Sore itu, angin di rooftop berembus kencang. Keira bersembunyi di balik dinding, jantungnya berdetak tak karuan. Di depannya, Haruna dipaksa berlutut, rambutnya dijambak, dua orang teman Vina menahannya. Vina dengan angkuh mengangkat ponselnya, cahaya sore memantul di layar yang menampilkan video terlarang itu.
“Balikin… jangan!” jerit Haruna, suaranya parau.
Keira tak tahan lagi. Dengan nekat, ia menerjang, berhasil merampas ponsel dari tangan Vina.
“Berhenti! Balikin!” teriak Vina, wajahnya merah padam.
Keira berlari, napasnya terengah, Haruna berusaha melepaskan diri. Dorongan, teriakan, jambakan—semua bercampur kacau. Angin senja membawa jerit panik itu ke udara.
Lalu, dalam satu gerakan kasar, Vina mendorong Haruna terlalu keras. Tubuh Haruna terseret, tumitnya kehilangan pijakan.
“RUNAAA!!!” jerit Keira, matanya membesar saat sahabatnya terhempas dari tepi rooftop. Dunia seolah berhenti. Hanya suara angin dan detak jantung yang tersisa… sebelum Haruna menghilang dari pandangan.
Air mata Keira tumpah deras saat kesadarannya kembali ke masa kini. Tangannya bergetar, suaranya parau.
“Dia meninggal, Mas… gara-gara aku.”
Aldi mengepalkan jemarinya di pangkuan, rahangnya mengeras menahan emosi.
“Aku bahkan nggak bisa ungkap kebenaran.
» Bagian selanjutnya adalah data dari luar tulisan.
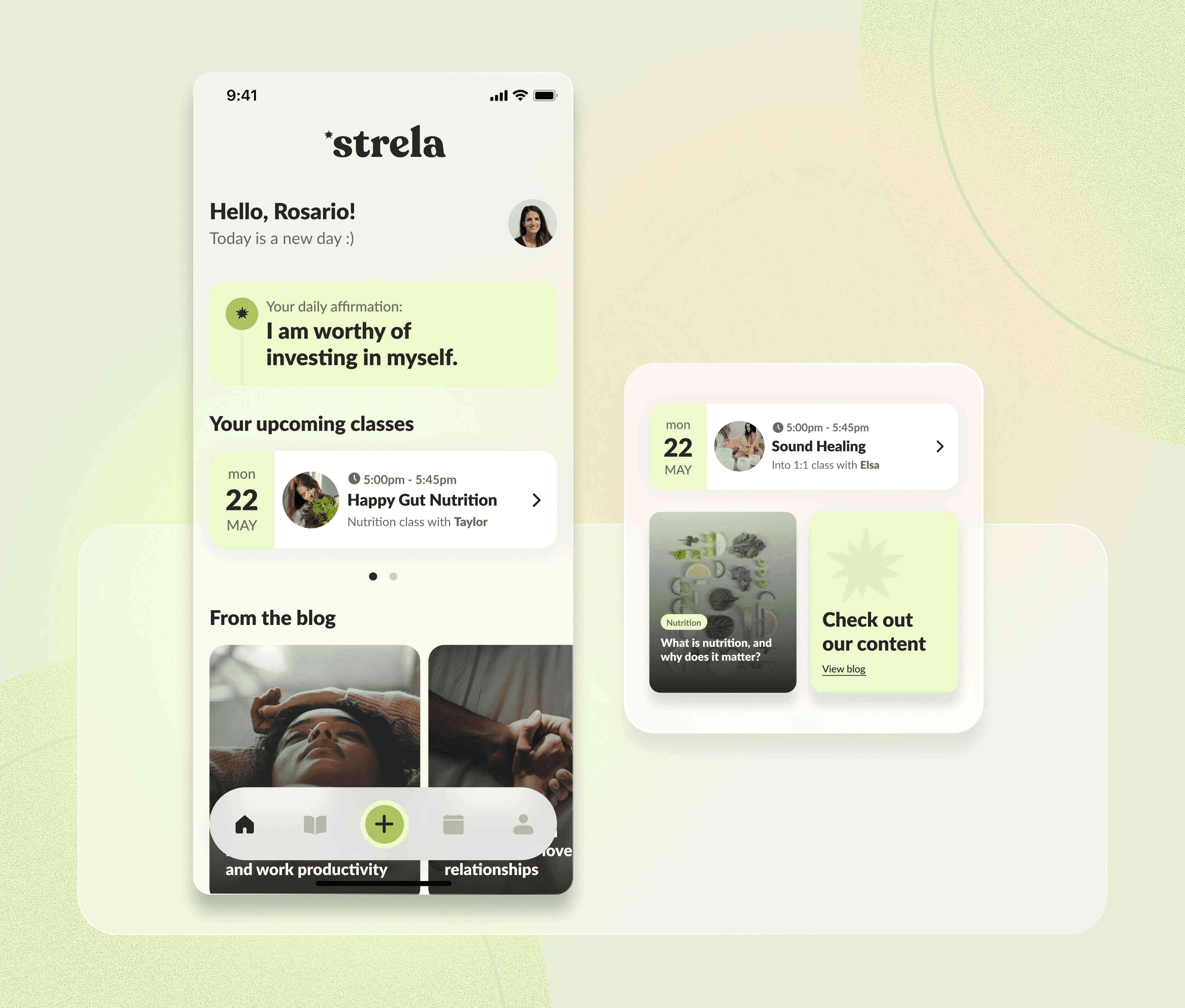 Because a core part of Strela’s mission is wellness for everyone, I made sure the design emphasized clarity, readability, and friendly interactions—nothing overly ornate or exclusive.
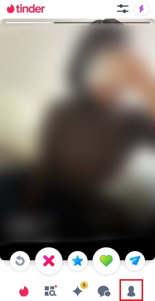 まずはTinderを開いて、トップ画面のアプリ下の右端の人型のマークをタップ!
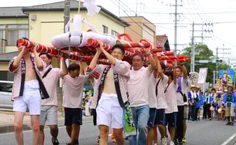 お盆の14日、夏祭りが各地で開かれた。新型コロナウイルスの5類引き下げを受けて手探りでの再開だった昨年と異なり、コロナ禍前のにぎわいが戻った。地元住民のほか、帰省中の人たちが古里の夏を楽しんだ。大崎市鹿島台の「わらじまつり」(実行委員会主催)では、昨年に再開を目指すも台風の影響で見送ったメインイベント「わらじパレード」が5年ぶりに復活。住民ら約600人が大小合わせて15基のわらじみこしを担ぎ、鹿島台小とJR鹿島台駅前交差点間の県道約500メートルを往復した。同市松山の「まつやま夏まつり」(実行委主催)は松山公民館駐車場を中心に開かれた。ちょうちんや紅白幕が彩る山車「松山ばやし」(高さ約3メートル)に児童ら20人余りが乗り込み、笛と太鼓を演奏。涌谷町の江合川河川敷では恒例の花火大会(町など主催)を開催。町出身の声優安野希世乃さんのファン「安野家。」有志約100人が協賛したスターマインなど約2000発が夜空を焦がし、約5000人が酔いしれた。
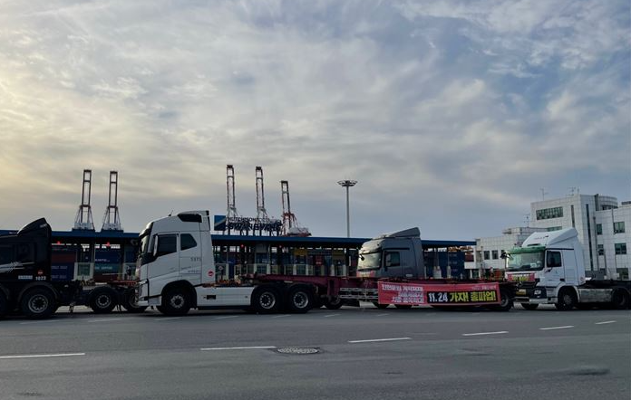 지난달 29일 전남 광양항 근처에 멈춰서 있는 화물트럭들. 화물연대 집단운송거부 사태로 물류난이 심각해지자 정부는 이날 시멘트 분야에 업무개시명령을 내렸다. 독자 제공
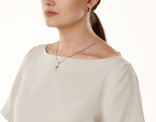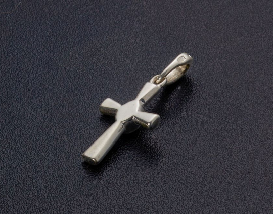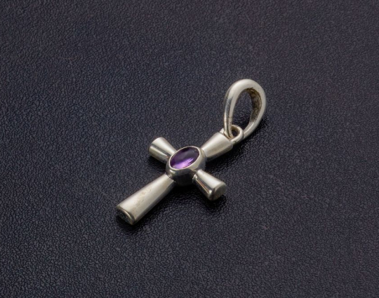 Маленький изящный серебряный крест с закругленными утолщенными концами и овальной вставкой из аметиста на пересечении планок. Аметист является символом великой жертвы Иисуса и знаком победы жизни над смертью.
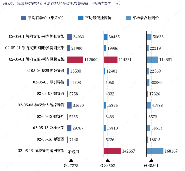 根据各省份2022年公开的招投标信息,我国神介耗材平均集采价为27278元(不含血流导向密网支架),平均最低挂网价为33502元,神介耗材仍是高值耗材中的价格高地。从品类来看,血流导向密网支架、颅内覆膜支架价格最高,单价均在10万以上;微导丝、微导管等通路内耗材相对便宜,为5000元左右。

Semua orang percaya Haruna bunuh diri, karena aku takut Vina sebarin video itu. Sampai sekarang aku terus dihantui rasa bersalah itu.”
Tangisnya semakin keras. “Aku jahat banget, Mas… aku sahabat yang paling buruk.”
Aldi segera meraih tangannya, menggenggam erat seolah ingin menyalurkan kekuatan. “Kei… kamu nggak salah. Kamu cuma berusaha melindungi apa yang Haruna sendiri minta untuk kamu lindungi di saat terakhirnya.”
Ia menatap Keira dalam-dalam. “Jangan siksa diri kamu terus. Haruna nggak akan pernah nyalahin kamu.”
Bahunya yang kokoh sedikit merunduk, suaranya menghangat. “Dan tenang… aku nggak bakal biarin kamu sendiri lagi. Kita hadapi semua ini bareng-bareng. Aku, Bapak Mahendra, semua orang di sini—kita ada buat kamu.”
Keira terisak, tapi senyum tipis akhirnya muncul di balik air matanya. “Aku tahu… Di sini aku merasa dicintai, walau harus berpura-pura jadi Kayla. Setidaknya… aku bisa bernapas.”
Ia menatap langit senja yang berwarna jingga, suaranya lirih penuh kerinduan.
“Karena itu aku pengen kebahagiaan ini bertahan lebih lama. Aku pengen tinggal di sini. Di tempat di mana aku benar-benar dilihat… meskipun bukan di kehidupan yang seharusnya.”
Aldi menoleh, sorot matanya tajam dan penuh keteguhan. Suaranya terdengar berat, setiap kata seakan mengetuk hati Keira.
“Kei… kamu nggak perlu berpura-pura di sini. Kamu bisa jadi diri kamu sendiri. Aku tahu siapa kamu sebenarnya. Suami kamu—Leonard Hadiwijaya—dia nyiksa kamu di sana, kan?”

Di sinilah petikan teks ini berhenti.